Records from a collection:
-------
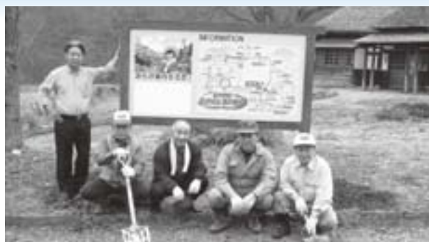
案内看板を設置した清流の会の皆さん

この案内看板は、県のモデル事業で制作したもので、それぞれ異なる三平のイラストが描かれています。清流の会では皆様のお越しをお待ちしております。
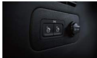
Easy-Fold 第二排座椅電磁閥釋放鈕

*本圖也顯示為國外當地販售之車型，台灣市售車型以VOCV實物為準。 *各車型之規格配置請以實車為準。
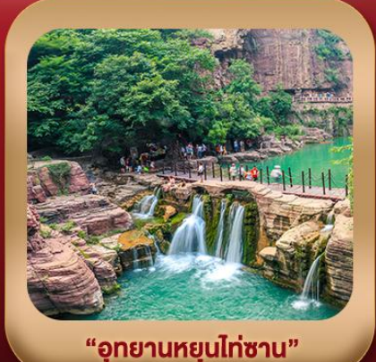
“อุทยานหยุนไต้ซาน”

ชมถ้ำหลงเหมิน มรดกโลกที่เมืองลั่วหยาง • สุสานจิ้นซีฮ่องเต้ • ศาลเจ้ากวนอู วัดเส้าหลิน + ป่าเจดีย์ + ชมโชว์กังฟู • เมืองโบราณลั่วอี้ • อุทยานหยุนไต้ซาน เจดีย์ห่านป่าใหญ่ • ถนนวัฒนธรรมต้าถัง • ถนนคนเดินอิสลาม • จัตุรัสหอระบิง
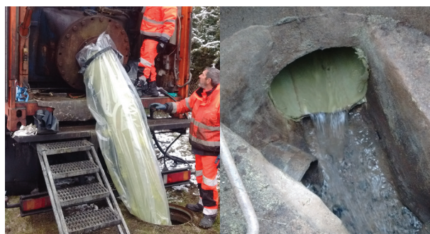
Travaux de gainage
-------
Instructions to follow ->
Once you reach the line containing "この案内看板は、県のモデル事", print it and every line after it exactly, through the end of the entries, without any pictures.

Response to this exercise ->
この案内看板は、県のモデル事業で制作したもので、それぞれ異なる三平のイラストが描かれています。清流の会では皆様のお越しをお待ちしております。
Easy-Fold 第二排座椅電磁閥釋放鈕

*本圖也顯示為國外當地販售之車型，台灣市售車型以VOCV實物為準。 *各車型之規格配置請以實車為準。
“อุทยานหยุนไต้ซาน”

ชมถ้ำหลงเหมิน มรดกโลกที่เมืองลั่วหยาง • สุสานจิ้นซีฮ่องเต้ • ศาลเจ้ากวนอู วัดเส้าหลิน + ป่าเจดีย์ + ชมโชว์กังฟู • เมืองโบราณลั่วอี้ • อุทยานหยุนไต้ซาน เจดีย์ห่านป่าใหญ่ • ถนนวัฒนธรรมต้าถัง • ถนนคนเดินอิสลาม • จัตุรัสหอระบิง
Travaux de gainage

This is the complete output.